Rhodococcus species are phylogenetically related to the corynebacteria. These gram-positive coccobacilli have been associated with tuberculosis-like infections in humans with granulomatous pathology. While R. equi is best known, other species have been identified, including R. (Gordonia) bronchialis, R. (Tsukamurella) aurantiacus, R. luteus, R. erythropolis, R. rhodochrous, and R. rubropertinctus.

R. equi has been recognized as a cause of pneumonia in horses since the 1920s and as a cause of related infections in cattle, sheep, and swine. It is found in soil as an environmental microbe. The organisms vary in length; appear as spherical to long, curved, clubbed rods; and produce large irregular mucoid colonies. R. equi cannot ferment carbohydrates or liquefy gelatin and is often acid fast. An intracellular pathogen of macrophages, R. equi can cause granulomatous necrosis and caseation. This organism has most commonly been identified in pulmonary infection, but infections of brain, bone, and skin also have been reported. Most commonly, R. equi disease manifests as nodular cavitary pneumonia of the upper lobe—a picture similar to that seen in tuberculosis or nocardiosis. Most patients are immunocompromised, often by HIV infection. Subcutaneous nodular lesions have also been identified. The involvement of R. equi should be considered when any patient presents with a tuberculosis-like syndrome.
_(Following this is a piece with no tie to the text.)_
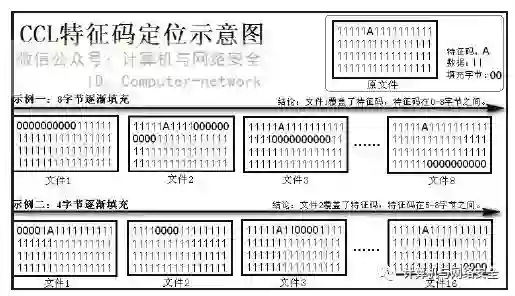 但是这个特征码的范围是不是有些大呢?其实在真正操作的时候,如果我们想得到比较小的特征码范围,可以将CCL一次填充“00”的字节数减少,例如由默认的16字节减少到4字节。为了便于您的理解,做了一张比较形象的CCL特征码定位示意图,如图10所示。通过这张图可以更加透彻地理解CCL特征码定位原理了。
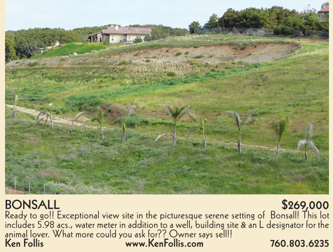 BONSALL $269,000 Ready to go!! Exceptional view site in the picturesque serene setting of Bonsall! This lot includes 5.98 acs., water meter in addition to a well, building site & an L designator for the animal lover. What more could you ask for?? Owner says sell!! Ken Follis www.KenFollis.com 760.803.6235

Infection due to R. equi has been treated successfully with antibiotics that penetrate intracellularly, including macrolides, clindamycin, rifampin, and trimethoprim-sulfamethoxazole. β-Lactam antibiotics have not been useful. The organism is routinely susceptible to vancomycin, which is considered the drug of choice.

Other related species

Actinomyces pyogenes

This organism, a well-known pathogen of cattle, sheep, goats, and pigs, causes seasonal leg ulcers in rural Thailand. A few human cases of sepsis, endocarditis, septic arthritis, pneumonia, meningitis, and empyema have been reported. This species is susceptible to β-lactams, tetracyclines, aminoglycosides, and fluoroquinolones.
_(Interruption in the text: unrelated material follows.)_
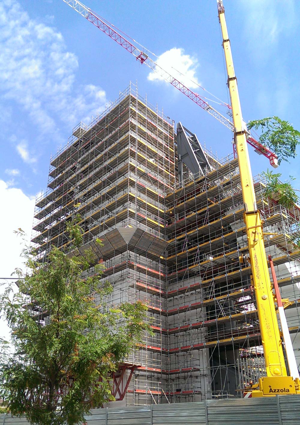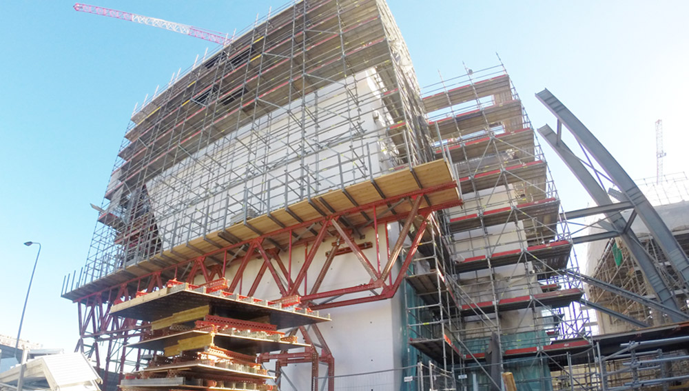 S osmi nosníky MK bylo možno provést betonáž druhého patra z úrovně ulice. Tato struktura také sloužila k podepření přístupového chodníku na severní straně budovy. Konzoly MK nesly bednění a lešení podél celého obvodu a uvolnily tak plochu staveniště pro dokončovací práce.

Arcanobacterium haemolyticum

A. haemolyticum was identified as an agent of wound infections in U.S. soldiers in the South Pacific during World War II. It appears to be a human commensal of the nasopharynx and skin, but has also been implicated in pharyngitis and chronic skin ulcers. In contrast to the much more common pharyngitis caused by Streptococcus pyogenes, A. haemolyticum pharyngitis is associated with a scarlatiniform rash on the trunk and proximal extremities in about half of cases; this illness is occasionally confused with toxic shock syndrome. Because A. haemolyticum pharyngitis primarily affects teenagers, it has been postulated that the rash-pharyngitis syndrome may represent copathogenicity, synergy, or opportunistic secondary infection with Epstein-Barr virus. A. haemolyticum has also been reported as a cause of bacteremia, soft tissue infections, osteomyelitis, and cavitary pneumonia, predominantly in the setting of underlying diabetes mellitus. The organism is susceptible to β-lactams, macrolides, fluoroquinolones, clindamycin, vancomycin, and doxycycline. Penicillin resistance has been reported.